SOURCE DATA:
______

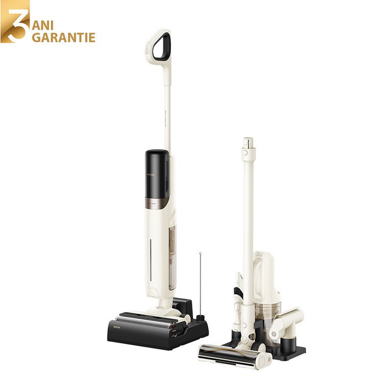 Curatarea zilnica devine mai rapida si mai controlata atunci cand aspirarea si spalarea sunt integrate intr-un singur proces. MOVA K30 Mix 2-in-1 combina o putere de aspirare de 18.000 Pa cu un sistem eficient de spalare cu apa curata, permitand indepartarea simultana a murdariei uscate, lichidelor varsate si petelor persistente de pe suprafete dure. Designul rabatabil la 180° faciliteaza accesul sub mobilier, in timp ce peria cu dubla margine asigura curatare precisa de-a lungul peretilor si plintelor. Functiile inteligente de ajustare automata a puterii, intretinerea simpla a periei si autonomia de pana la 30 de minute fac din MOVA K30 Mix o alegere practica pentru locuinte moderne, unde eficienta, controlul si rezultatele vizibile sunt esentiale. Aspirator vertical cu spalare MOVA K30 Mix 2-in-1 Vacuum cleaner are urmatoarele caracteristici: Garantie 3 ani (atat pentru persoane fizice cat si pentru persoane juridice) Putere de aspirare 18.000Pa; Tehnologie de spalare si uscare a periei la 60°C; Autonomie: pana la 30 min; Motor de 300 W; Recipient apa curata 600ml; Recipient apa murdara 500ml; Dispozitivul este dotat cu un acumulator de 2600mAh; Greutatea aspiratorului 4 kg. Putere de aspirare optimizata pentru curatare eficienta Cu o putere de aspirare de pana la 18.000 Pa, MOVA K30 Mix gestioneaza eficient atat murdaria uscata, cat si lichidele varsate sau petele persistente. Sistemul de aspirare mentine performanta constanta pe diferite tipuri de suprafete, asigurand o curatare uniforma dintr-o singura trecere. In acelasi timp, functionarea ramane silentioasa, permitand utilizarea confortabila chiar si cand o persoana se odihneste. Curatare in profunzime cu acces extins sub mobilier MOVA K30 Mix integreaza un design rabatabil la 180°, care permite acces facil in zone joase si greu de curatat. Astfel, dispozitivul permite indepartarea eficienta a prafului si resturilor acumulate sub mobilier, acolo unde curatarea obisnuita este limitata. Combinatia dintre pozitia joasa de lucru si puterea constanta de aspirare asigura o curatare temeinica a suprafetelor, inclusiv in spatii unde aspiratoarele standard nu pot ajunge. Curatare precisa de la margine la margine Peria cu dubla margine a MOVA K30 Mix este proiectata pentru curatarea eficienta de-a lungul peretilor si plintelor, acolo unde murdaria se acumuleaza cel mai des. Designul sau permite captarea prafului si a resturilor chiar din zonele de contact cu marginea suprafetei. Rezultatul este o curatare temeinica pana la 0 mm fata de perete, fara zone neatinse si fara a fi necesare miscari suplimentare. Curatare uniforma cu apa curata la fiecare trecere MOVA K30 Mix foloseste un sistem de spalare continua care furnizeaza constant apa curata pe perie, in timp ce apa murdara este indepartata simultan. Acest flux controlat mentine suprafata curata pe toata durata utilizarii si contribuie la un aspect vizibil mai uniform al podelei. Suprafete curate fara urme vizibile de apa MOVA K30 Mix a fost gandit pentru a reduce semnificativ urmele de apa dupa spalare, mentinand podelele curate si uniforme. Sistemul de colectare eficienta a apei murdare ajuta la uscarea rapida a suprafetei, fara dungi sau reziduuri vizibile, chiar si dupa o curatare intensa. Intretinere simpla si eficienta a periei MOVA K30 Mix permite curatarea rapida a periei printr-o singura apasare de buton, indepartand eficient reziduurile acumulate dupa utilizare. Procesul automat mentine peria curata si functionala, pregatita pentru urmatoarea sesiune de curatare, fara interventii manuale sau operatiuni suplimentare. Putere adaptata automat pentru fiecare tip de provocare MOVA K30 Mix ajusteaza automat nivelul de aspirare in functie de cerintele de curatare, adaptandu-se atat prafului fin, cat si resturilor mai mari. Sistemul inteligent optimizeaza performanta in timp real, mentinand eficienta ridicata si un consum echilibrat de energie pe toata durata utilizarii. Ghidare vocala pentru utilizare fara intreruperi MOVA K30 Mix ofera notificari vocale clare si mementouri utile pe parcursul utilizarii, ajutand la monitorizarea procesului de curatare si la gestionarea corecta a functiilor. Indrumarea in timp real asigura continuitatea sesiunilor, fara opriri neasteptate sau confuzii in utilizare. Auto Mode Low battery. Please charge. Please empty the Used Water Tank. Eliminarea separata a deseurilor pentru golire usoara Recipientul cu filtru integrat al MOVA K30 Mix separa eficient murdaria solida de deseurile lichide, facilitand golirea fara murdarire suplimentara. Aceasta separare previne infundarea scurgerilor si mentine procesul de eliminare simplu si controlat dupa fiecare utilizare. Vezi si Politica de Returnare.
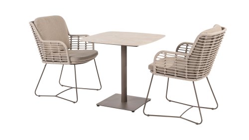 Deze tafel van 75x75 cm heeft een elegant keramieken blad dat zowel stijlvol als praktisch is. Het keramiek is niet alleen duurzaam en gemakkelijk schoon te maken, maar biedt ook een luxe uitstraling. Het onderstel is in een warme, aardse tint genaamd terre, die perfect aansluit bij moderne en rustieke interieurs/tuinen.
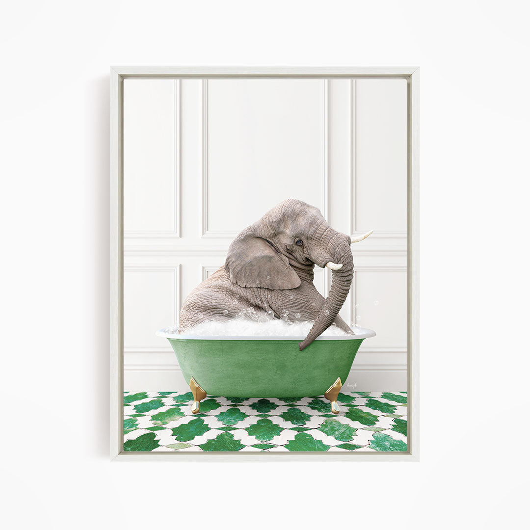A gray elephant is sitting in a green bathtub filled with bubbles, surrounded by a green and white patterned floor.

______

WORK INSTRUCTION: Copy everything in the listing above exactly except the pictures.

TASK RESPONSE:
 Curatarea zilnica devine mai rapida si mai controlata atunci cand aspirarea si spalarea sunt integrate intr-un singur proces. MOVA K30 Mix 2-in-1 combina o putere de aspirare de 18.000 Pa cu un sistem eficient de spalare cu apa curata, permitand indepartarea simultana a murdariei uscate, lichidelor varsate si petelor persistente de pe suprafete dure. Designul rabatabil la 180° faciliteaza accesul sub mobilier, in timp ce peria cu dubla margine asigura curatare precisa de-a lungul peretilor si plintelor. Functiile inteligente de ajustare automata a puterii, intretinerea simpla a periei si autonomia de pana la 30 de minute fac din MOVA K30 Mix o alegere practica pentru locuinte moderne, unde eficienta, controlul si rezultatele vizibile sunt esentiale. Aspirator vertical cu spalare MOVA K30 Mix 2-in-1 Vacuum cleaner are urmatoarele caracteristici: Garantie 3 ani (atat pentru persoane fizice cat si pentru persoane juridice) Putere de aspirare 18.000Pa; Tehnologie de spalare si uscare a periei la 60°C; Autonomie: pana la 30 min; Motor de 300 W; Recipient apa curata 600ml; Recipient apa murdara 500ml; Dispozitivul este dotat cu un acumulator de 2600mAh; Greutatea aspiratorului 4 kg. Putere de aspirare optimizata pentru curatare eficienta Cu o putere de aspirare de pana la 18.000 Pa, MOVA K30 Mix gestioneaza eficient atat murdaria uscata, cat si lichidele varsate sau petele persistente. Sistemul de aspirare mentine performanta constanta pe diferite tipuri de suprafete, asigurand o curatare uniforma dintr-o singura trecere. In acelasi timp, functionarea ramane silentioasa, permitand utilizarea confortabila chiar si cand o persoana se odihneste. Curatare in profunzime cu acces extins sub mobilier MOVA K30 Mix integreaza un design rabatabil la 180°, care permite acces facil in zone joase si greu de curatat. Astfel, dispozitivul permite indepartarea eficienta a prafului si resturilor acumulate sub mobilier, acolo unde curatarea obisnuita este limitata. Combinatia dintre pozitia joasa de lucru si puterea constanta de aspirare asigura o curatare temeinica a suprafetelor, inclusiv in spatii unde aspiratoarele standard nu pot ajunge. Curatare precisa de la margine la margine Peria cu dubla margine a MOVA K30 Mix este proiectata pentru curatarea eficienta de-a lungul peretilor si plintelor, acolo unde murdaria se acumuleaza cel mai des. Designul sau permite captarea prafului si a resturilor chiar din zonele de contact cu marginea suprafetei. Rezultatul este o curatare temeinica pana la 0 mm fata de perete, fara zone neatinse si fara a fi necesare miscari suplimentare. Curatare uniforma cu apa curata la fiecare trecere MOVA K30 Mix foloseste un sistem de spalare continua care furnizeaza constant apa curata pe perie, in timp ce apa murdara este indepartata simultan. Acest flux controlat mentine suprafata curata pe toata durata utilizarii si contribuie la un aspect vizibil mai uniform al podelei. Suprafete curate fara urme vizibile de apa MOVA K30 Mix a fost gandit pentru a reduce semnificativ urmele de apa dupa spalare, mentinand podelele curate si uniforme. Sistemul de colectare eficienta a apei murdare ajuta la uscarea rapida a suprafetei, fara dungi sau reziduuri vizibile, chiar si dupa o curatare intensa. Intretinere simpla si eficienta a periei MOVA K30 Mix permite curatarea rapida a periei printr-o singura apasare de buton, indepartand eficient reziduurile acumulate dupa utilizare. Procesul automat mentine peria curata si functionala, pregatita pentru urmatoarea sesiune de curatare, fara interventii manuale sau operatiuni suplimentare. Putere adaptata automat pentru fiecare tip de provocare MOVA K30 Mix ajusteaza automat nivelul de aspirare in functie de cerintele de curatare, adaptandu-se atat prafului fin, cat si resturilor mai mari. Sistemul inteligent optimizeaza performanta in timp real, mentinand eficienta ridicata si un consum echilibrat de energie pe toata durata utilizarii. Ghidare vocala pentru utilizare fara intreruperi MOVA K30 Mix ofera notificari vocale clare si mementouri utile pe parcursul utilizarii, ajutand la monitorizarea procesului de curatare si la gestionarea corecta a functiilor. Indrumarea in timp real asigura continuitatea sesiunilor, fara opriri neasteptate sau confuzii in utilizare. Auto Mode Low battery. Please charge. Please empty the Used Water Tank. Eliminarea separata a deseurilor pentru golire usoara Recipientul cu filtru integrat al MOVA K30 Mix separa eficient murdaria solida de deseurile lichide, facilitand golirea fara murdarire suplimentara. Aceasta separare previne infundarea scurgerilor si mentine procesul de eliminare simplu si controlat dupa fiecare utilizare. Vezi si Politica de Returnare.
 Deze tafel van 75x75 cm heeft een elegant keramieken blad dat zowel stijlvol als praktisch is. Het keramiek is niet alleen duurzaam en gemakkelijk schoon te maken, maar biedt ook een luxe uitstraling. Het onderstel is in een warme, aardse tint genaamd terre, die perfect aansluit bij moderne en rustieke interieurs/tuinen.
A gray elephant is sitting in a green bathtub filled with bubbles, surrounded by a green and white patterned floor.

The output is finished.